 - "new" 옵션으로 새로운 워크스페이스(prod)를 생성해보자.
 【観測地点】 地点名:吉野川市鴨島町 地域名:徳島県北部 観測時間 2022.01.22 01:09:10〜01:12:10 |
--
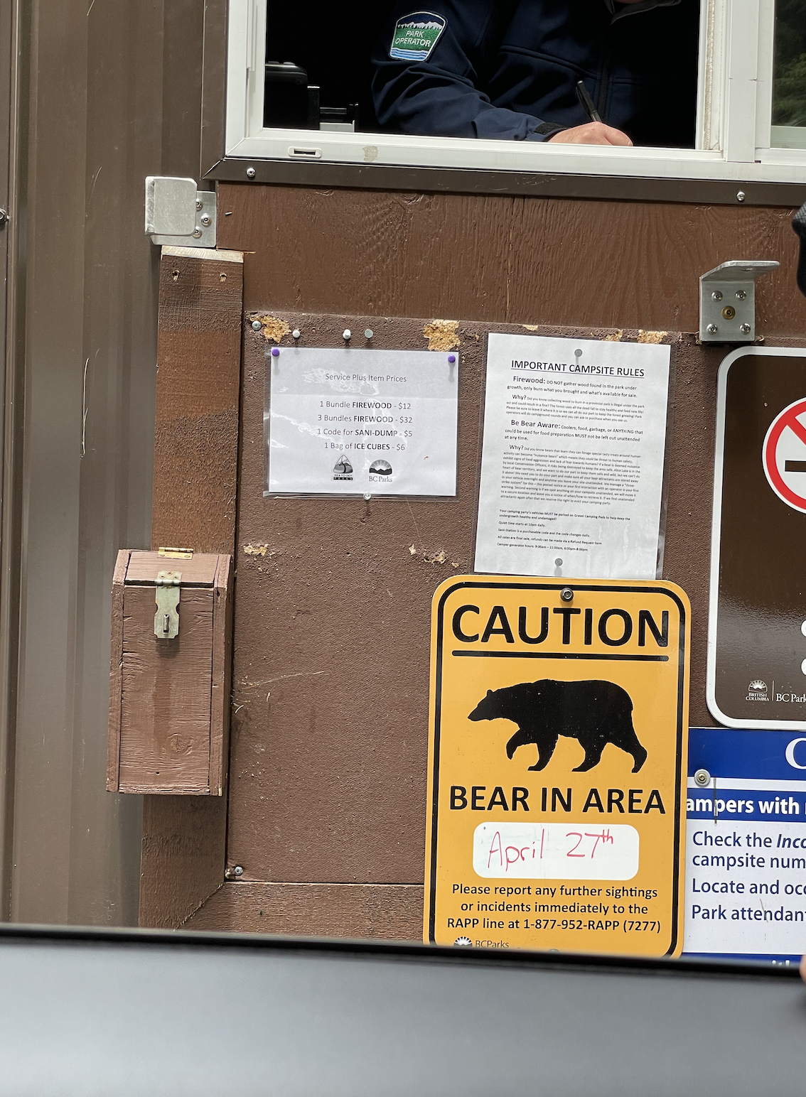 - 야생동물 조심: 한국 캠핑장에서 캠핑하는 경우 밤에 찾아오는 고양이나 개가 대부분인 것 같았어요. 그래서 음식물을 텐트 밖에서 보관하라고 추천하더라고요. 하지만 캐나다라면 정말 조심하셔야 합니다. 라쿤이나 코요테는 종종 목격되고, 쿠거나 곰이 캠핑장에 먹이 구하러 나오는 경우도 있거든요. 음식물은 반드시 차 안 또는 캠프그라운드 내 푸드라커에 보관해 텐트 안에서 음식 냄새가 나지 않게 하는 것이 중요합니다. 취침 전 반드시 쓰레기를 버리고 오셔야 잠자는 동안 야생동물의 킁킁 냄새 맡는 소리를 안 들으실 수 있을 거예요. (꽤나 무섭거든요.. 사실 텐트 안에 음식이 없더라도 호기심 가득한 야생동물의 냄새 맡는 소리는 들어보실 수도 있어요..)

**Task details**
In the data above, find the line with "새로운 워크스페이스(prod)를 생성해보자." and the line with "2022.01.22 01:09:10〜01:12:10 |". Retype both, plus every line between them, exactly.

**Response area**
 - "new" 옵션으로 새로운 워크스페이스(prod)를 생성해보자.
 【観測地点】 地点名:吉野川市鴨島町 地域名:徳島県北部 観測時間 2022.01.22 01:09:10〜01:12:10 |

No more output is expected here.